=== Begin Enclosure ===
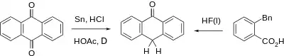 An alternative synthesis involves cyclization of o-benzylbenzoic acid induced with hydrogen fluoride.[3]
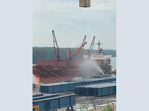 Operators report that air quality at the port has significantly improved during the unloading of clinker and other dusty materials, and that fugitive dust emissions have not been seen leaving the site since adding the units to the facility’s dust management plan. The cannons are easily positioned on the dock, taking up little room and covering a large area, allowing crane operators to transfer material from hold to hopper more efficiently. The industrial park has experienced a noticeable improvement in air quality, especially when a DB-60 is in operation during dry and windy periods.
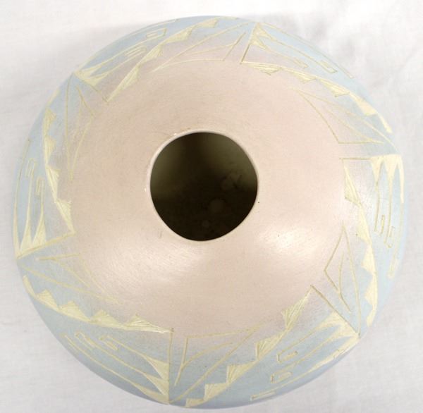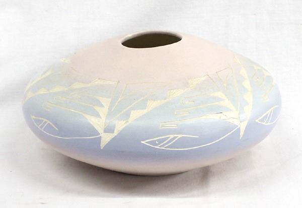 Native American Navajo Carved Ceramic Pillow Vase, measures 5'' x 10'' and is signed on the bottom
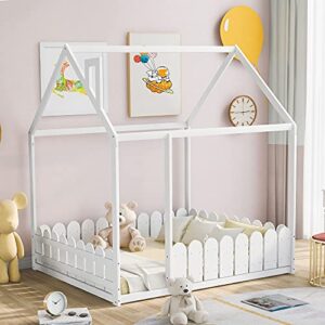 Merax Wooden House Bed with Fence-Shaped Guardrail Montessori Bed Frame for Kids, Toddlers, Girls, Boys (Full,White)
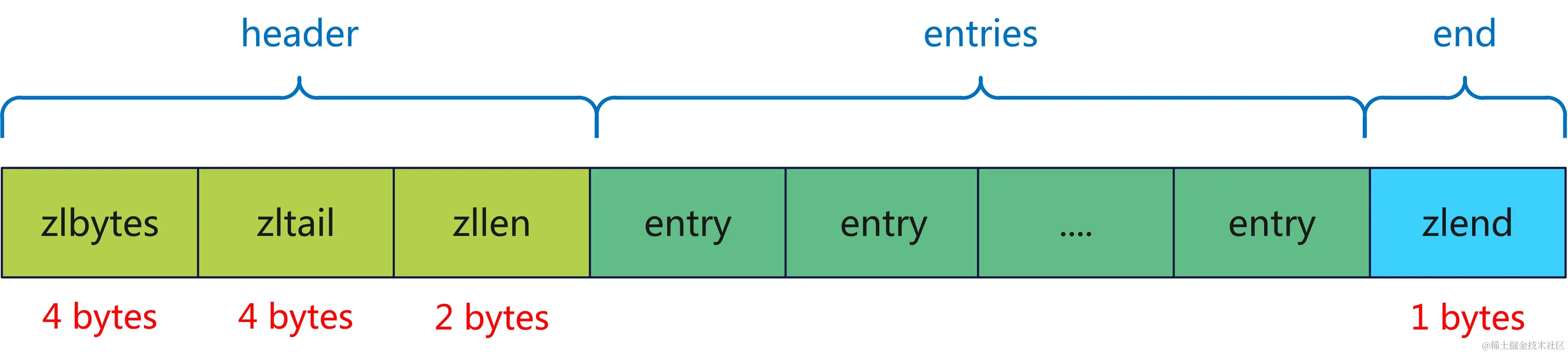 zipList 的内部结构主要分为三个部分:表头(header)、条目(entries)和表尾(end),如下图:
=== End Enclosure ===
> **EXERCISE DETAILS**
With the pictures dropped, give every entry above again exactly.

> **RESULT**
 An alternative synthesis involves cyclization of o-benzylbenzoic acid induced with hydrogen fluoride.[3]
 Operators report that air quality at the port has significantly improved during the unloading of clinker and other dusty materials, and that fugitive dust emissions have not been seen leaving the site since adding the units to the facility’s dust management plan. The cannons are easily positioned on the dock, taking up little room and covering a large area, allowing crane operators to transfer material from hold to hopper more efficiently. The industrial park has experienced a noticeable improvement in air quality, especially when a DB-60 is in operation during dry and windy periods.
 Native American Navajo Carved Ceramic Pillow Vase, measures 5'' x 10'' and is signed on the bottom
 Merax Wooden House Bed with Fence-Shaped Guardrail Montessori Bed Frame for Kids, Toddlers, Girls, Boys (Full,White)
 zipList 的内部结构主要分为三个部分:表头(header)、条目(entries)和表尾(end),如下图:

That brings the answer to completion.